Figure 34. Z-10 Attack helicopters operating out of an airfield at Shiquanhe, CCTV screenshot July 2022 and Google Earth image July 2020 (note helicopters are located on the apron in front of the control tower between the two hangars)
(Source: Google Earth/Maxar Technologies and CCTV-7 National Military Report)

Finally, at the southern-most tip of the Aksai Chin, Google Earth imagery from August 2022 showed no significant change or reinforcement at a border defense facility near Demchok compared to imagery from 2020 except for a few new vehicle sheds that had been built.91

Conclusion

The most recent Google Earth coverage of the Aksai China has been limited to only a few small areas in the Depsang Plains, near Gogra/Hot Springs, and at Demchok in 2022. Therefore, without more current imagery available for this study, the current disposition of PLA units in the Aksai Chin is uncertain. (As mentioned earlier, other sources of commercial imagery are available to governments and the media.) Nonetheless, imagery available from late 2020 and early 2021 is sufficient to establish a baseline for where out-of-area PLAA units were deployed to reinforce border defense units throughout the entire region.

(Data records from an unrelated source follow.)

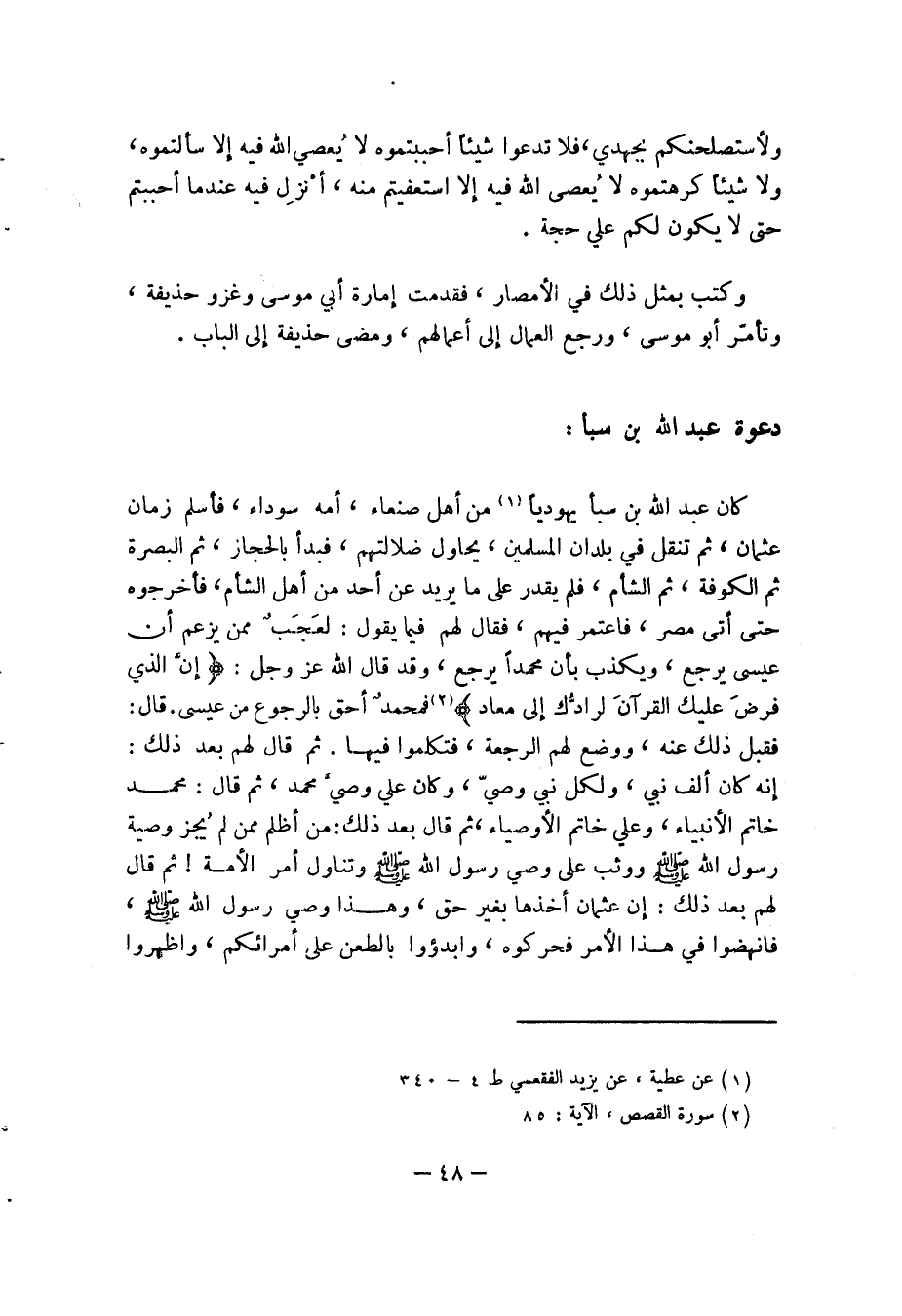 كان عبد الله بن سبأ يهوديا1 من أهل صنعاء أمه سوداء فأسلم زمان عثمان ثم تنقل في بلدان المسلمين يحاول ضلالتهم فبدأ بالحجاز ثم البصرة ثم الكوفة ثم الشام فلم يقدر على ما يريد عن أحد من أهل الشام فأخرجوه حتى أتى مصر فاعتمر فيهم فقال لهم فيما يقول: لعجب ممن يزعم أن عيسى يرجع ويكذب بأن محمدا يرجع وقد قال الله عز وجل: {إِنَّ الَّذِي فَرَضَ عَلَيْكَ الْقُرْآنَ لَرَادُّكَ إِلَى مَعَادٍ} 2 فمحمد أحق بالرجوع من عيسى قال: فقبل ذلك عنه ووضع لهم الرجعة فتكلموا فيها ثم قال لهم بعد ذلك: إنه كان ألف نبي ولكل نبي وصي وكان علي وصى محمد ثم قال: محمد خاتم الانبياء وعلى خاتم الأوصياء ثم قال بعد ذلك: من أظلم ممن لم يجز وصية رسول الله صلى الله عليه وسلم ووثب على وصي رسول الله صلى الله عليه وسلم وتناول أمر الأمة ثم قال لهم بعد ذلك: إن عثمان أخذها بغير حق وهذا وصي رسول الله صلى الله عليه وسلم فانهضوا في هذا الأمر فحركوه وابدؤوا بالطعن على أمرائكم واظهروا
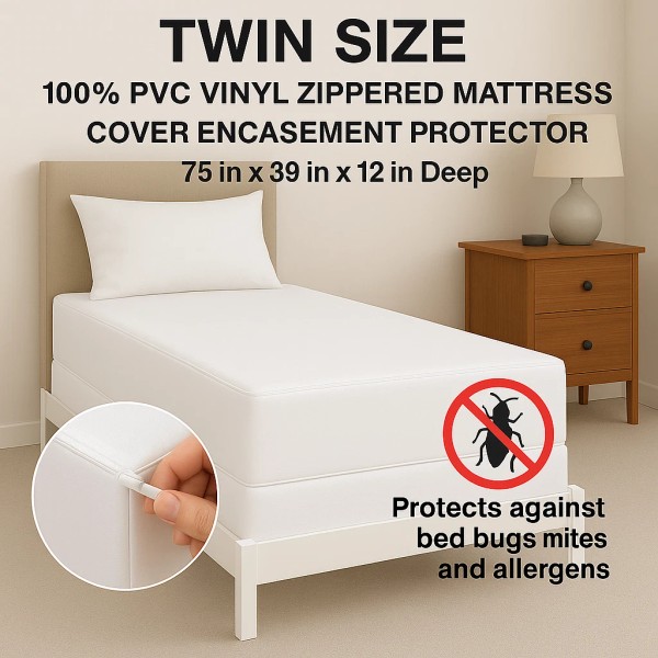 Twin Size Heavy Duty Vinyl Mattress Cover – Zippered, Waterproof, 12" Deep
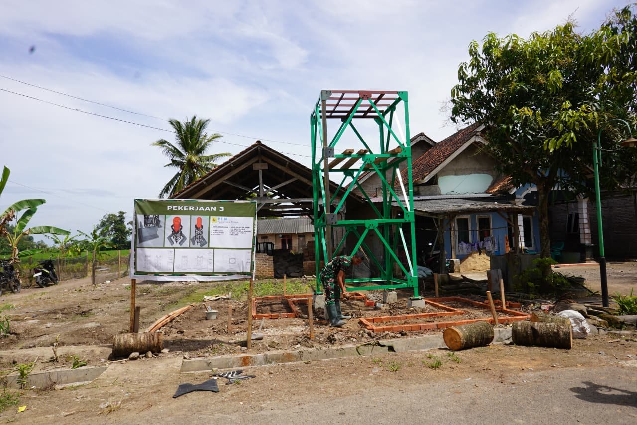 Pemasangan Tiang Tower untuk Akses Air Bersih di Desa Tanjung Rejo oleh TMMD ke-127
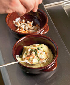 Mescolate i dadini di pesce a una parte della crema di patate e insaporite con un trito di prezzemolo e un cucchiaio di "petali" di pomodori tagliati a pezzettini.
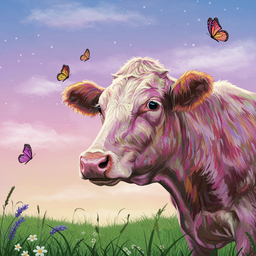 Imagine a whimsical cow with artfully oversized eyes, adorned in vibrant, dreamlike colors that swirl around its face, standing in a lush meadow under a fantastical, pastel-hued sky, while playful butterflies flit around its serene aura, capturing the essence of calm and curiosity in a profile picture silhouette.

Although China’s state media continues to report on units on the “front line” (一线) or in “battle positions” (战位) in the Karakoram region (without specifying the Aksai Chin), it has done so without revealing the total number of troops deployed or their exact locations. Based on analysis of the open-source information described above, enough fortified positions were constructed in the various PLA-controlled sectors since the spring of 2020 to support a full division-size deployment—or roughly 10,000 personnel—on top of the two border defense regiments (approximately 5,000 personnel) already assigned to the region. Further, these units are reinforced by engineer, artillery, and support elements (probably numbering several thousand more personnel).

In total, roughly 20,000 PLAA soldiers are assessed to be deployed over the 250-mile front in the Aksai Chin along the LAC reaching back to distances of over 20 miles. This number may be higher during the period in which an out-of-area unit that has spent time on the LAC rotates out and is replaced by a fresh unit entering the area. Nonetheless, the 20,000 figure is a considerably smaller estimate of PLA personnel deployed in the disputed region than the 40,000–60,000 frequently asserted in non-Chinese media.92 Moreover, the estimated 20,000 personnel scattered across such a broad front is inadequate to conduct a large-scale offensive across the difficult terrain delineated by the LAC. Major offensive operations would require a significant buildup of units and supplies in order to reach to any substantial depth beyond the LAC. Instead, PLA units have been positioned to consolidate and hold territory, to conduct patrols and protect construction projects, and to create “facts on the ground,” similar to the reef expansion operations in the South China Sea a decade ago.93 The PLA is prepared to stay in the region for as long as it takes for the two governments to negotiate a solution.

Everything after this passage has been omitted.